Software Taxonomy of Faults

Category Option Rationale
Recurring one_organization, multiple_organization (a) The software failure incident related to the Boeing 737 Max MCAS system activating erroneously due to a faulty sensor causing a fatal crash has happened again within the same organization. The incident occurred in both the Ethiopian Airlines flight and an Indonesian disaster involving the same jet [81854]. (b) The software failure incident related to the Boeing 737 Max MCAS system activating erroneously due to a faulty sensor causing a fatal crash has also happened at multiple organizations. The incident in Ethiopia was similar to the one in Indonesia, indicating a potential systemic problem with the aircraft [81854].

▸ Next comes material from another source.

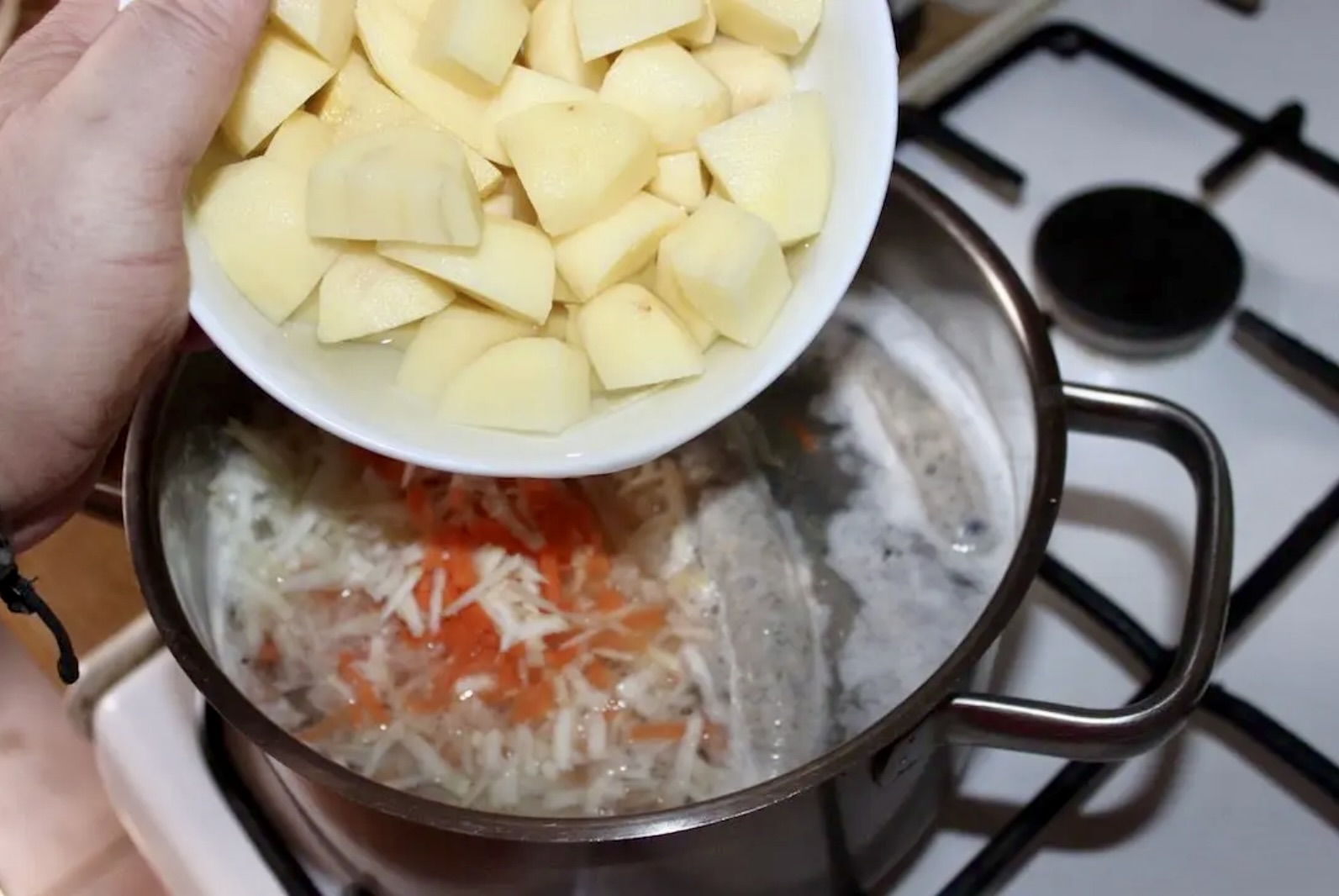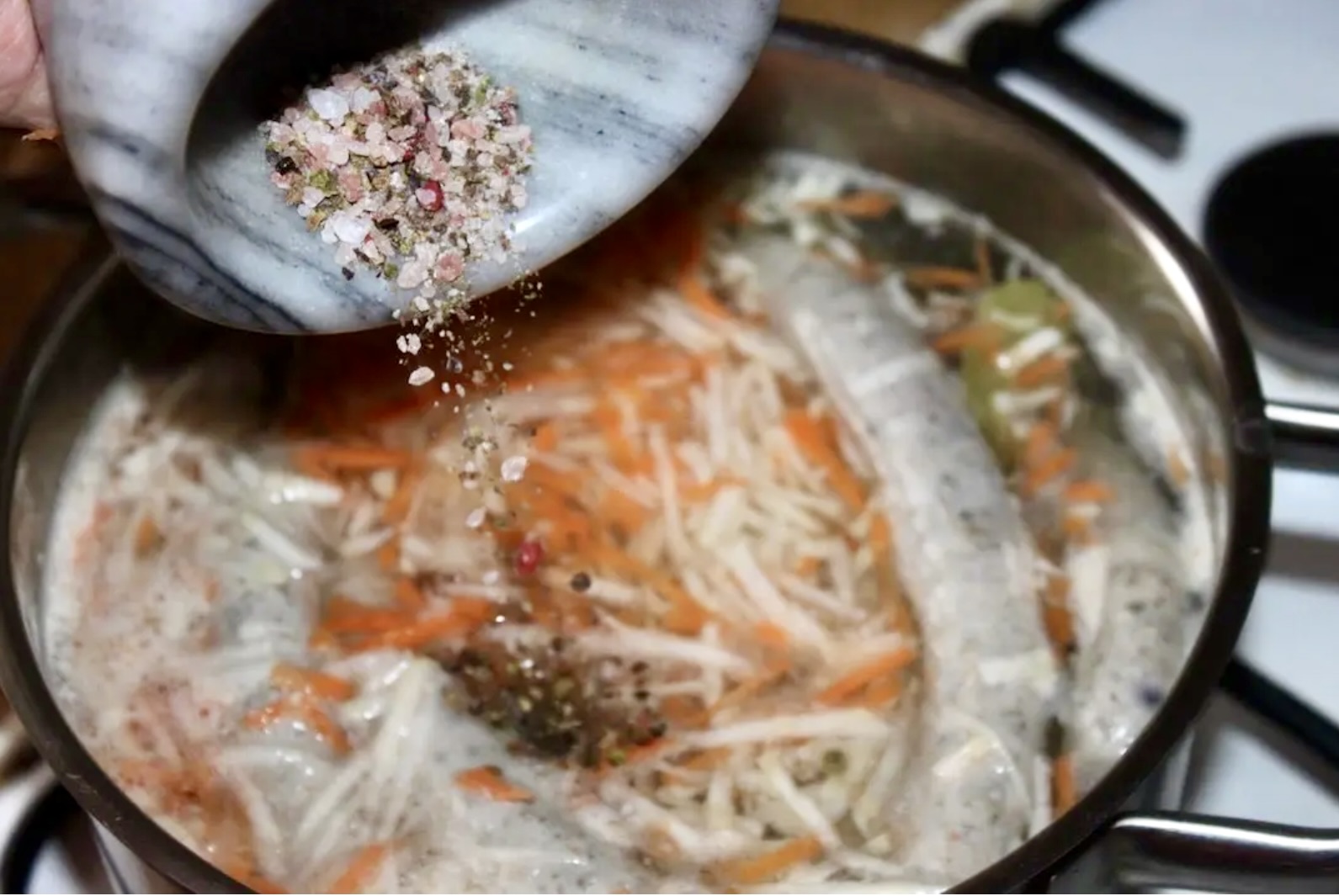 Warzywa i przyprawy: Dodaj do wywaru pokrojone w kostkę ziemniaki oraz starte na dużych oczkach pozostałe warzywa (mała ilość, by tylko wzbogacić smak). Wsyp utarte w moździerzu ziele angielskie z pieprzem i solą.

Phase (Design/Operation) design, operation (a) The software failure incident related to the design phase is evident in the case of the Boeing 737 Max crashes. The incidents were caused by a faulty sensor that erroneously activated the MCAS (Maneuvering Characteristics Augmentation System) due to data from a single angle-of-attack sensor, leading to an irrecoverable nose-dive [81854]. This design flaw allowed a single sensor to activate a crucial system that pushed the aircraft toward the ground, highlighting a systemic problem with the aircraft's design [81854]. (b) The software failure incident related to the operation phase is seen in the pilots' attempts to override the MCAS system during the Indonesian flight. The pilots tried repeatedly to counteract the system, but after about 12 minutes, they lost their battle, ultimately leading to the crash [81854]. Additionally, in the Ethiopian Airlines crash, the pilots experienced trouble controlling the aircraft as it exhibited a bouncing, bobbing trajectory before crashing, indicating operational challenges in managing the system [81854].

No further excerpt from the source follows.